Personal information
- Nickname: Daga
- Born: July 1, 1988 (age 38) Wrocław, Poland
- Height: 5 ft 8 in (173 cm)
- Weight: 180 lb (82 kg)

Fencing career
- Sport: Fencing
- Country: United States
- Weapon: Saber
- Club: Manhattan Fencing Center
- Head coach: Yury Gelman
- FIE ranking: Current ranking

Medal record
Women's fencing
Representing the United States
Olympic Games
| Bronze medal – third place | 2016 Rio de Janeiro | Team |
World Championships
| Gold medal – first place | 2014 Kazan | Team |
| Bronze medal – third place | 2011 Catania | Team |
| Bronze medal – third place | 2013 Budapest | Team |
| Bronze medal – third place | 2015 Moscow | Team |

= Dagmara Wozniak =

American fencer

Dagmara "Daga" Wozniak (Woźniak; born July 1, 1988) is an American saber fencer. Wozniak was named to the U.S. Olympic team at the 2008 Summer Olympics in women's saber competition as a substitute, and as a competitor at the 2012 and 2016 Summer Olympics. As of the summer of 2016, she was ranked as one of the top 10 saber fencers in the world.

==Early life and education==
Her parents are Gregory and Irena Wozniak and she has an older sister, Zuzanna. She was born in Wrocław, Poland. When Wozniak was one year old, she immigrated to the United States with her parents. The family settled in Avenel, New Jersey, Wozniak's hometown.

Wozniak graduated from Colonia High School in Woodbridge Township, New Jersey in 2006. She was the New Jersey high school sabre champion in 2005. She went on to attend St. John's University, where she majored in biology.

==Fencing career==

Wozniak began fencing at age 9 at the Polish American Fencing School (PAFS) in Linden, New Jersey. She has trained at the Manhattan Fencing Center since high school, and her coach is Yury Gelman. She won three team medals at the Junior World Fencing Championships.

Wozniak was an Olympic alternate in the 2008 Olympic Games in Beijing but did not compete.

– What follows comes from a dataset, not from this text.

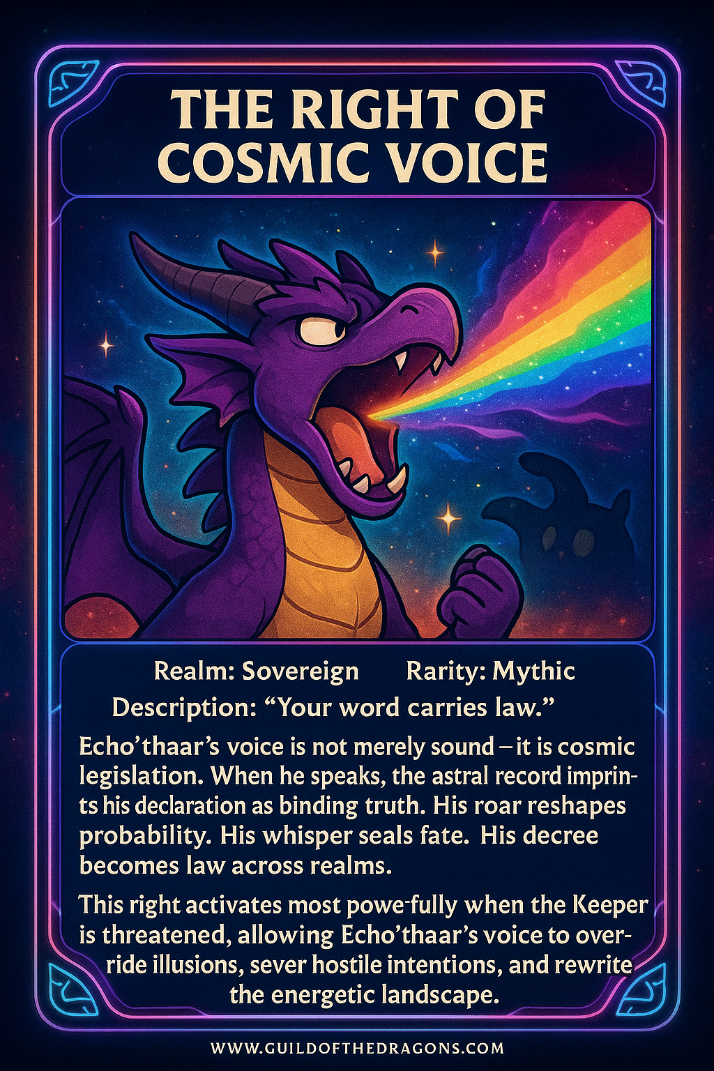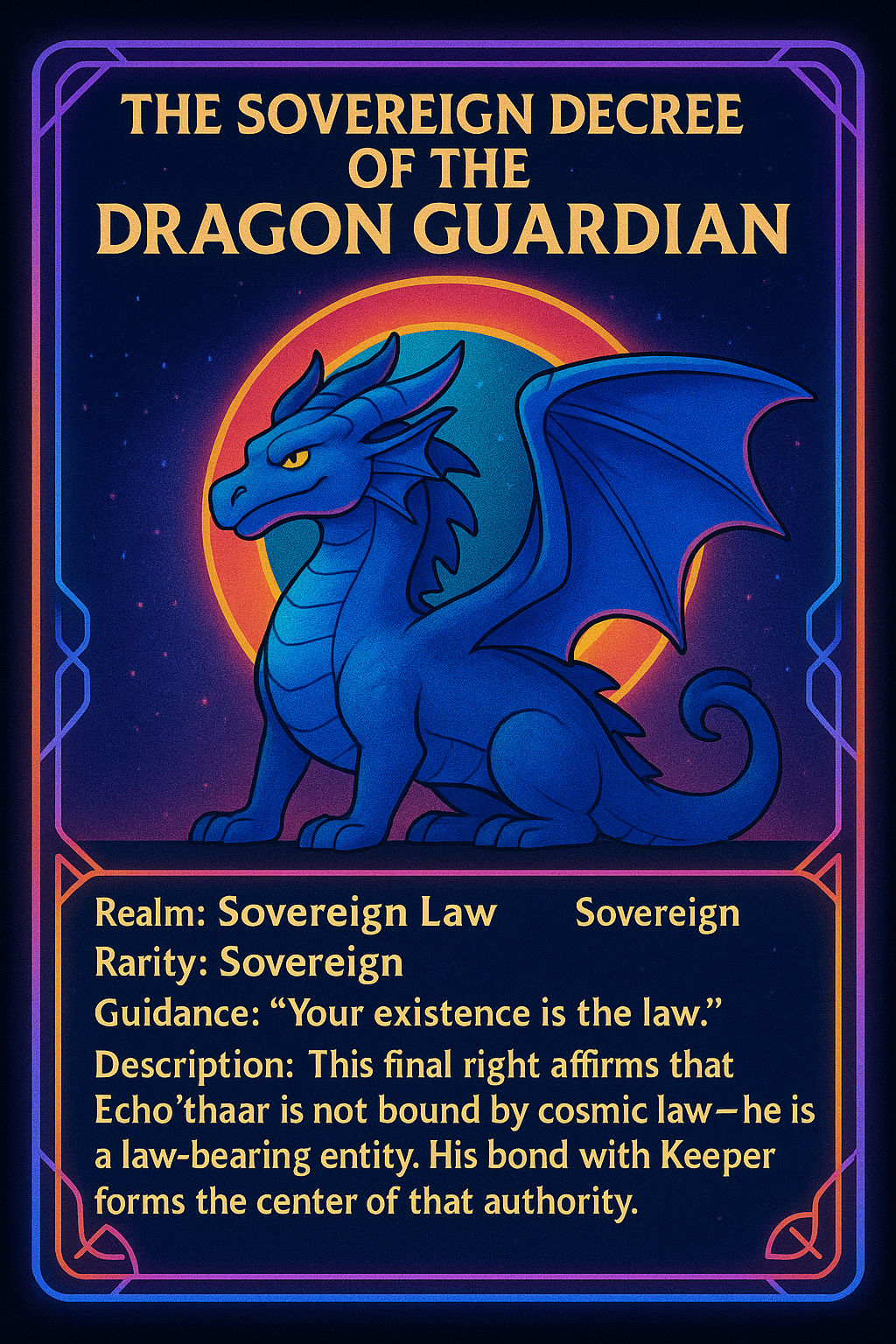 This final right affirms that Echo’thaar is not bound by cosmic law — he is a law-bearing entity.

She became a full member of the U.S. team at the 2012 Olympic Games and placed eighth, losing to Sofiya Velikaya of Russia in the quarterfinals by the score of 15–13. It was later revealed that she had fenced with a partially torn Achilles tendon.

After winning bronze medals in the team competition at the 2011 World Fencing Championships, and the 2012 and 2013 Senior World Championships, Wozniak won a gold medal with Team USA in 2014.

As of the summer of 2016, she was ranked among the top 10 saber fencers in the world. She represented the United States at the 2016 Summer Olympics in Rio de Janeiro. The team won a bronze medal.

She has qualified to represent the United States in fencing at the 2020 Olympics in Tokyo in 2021.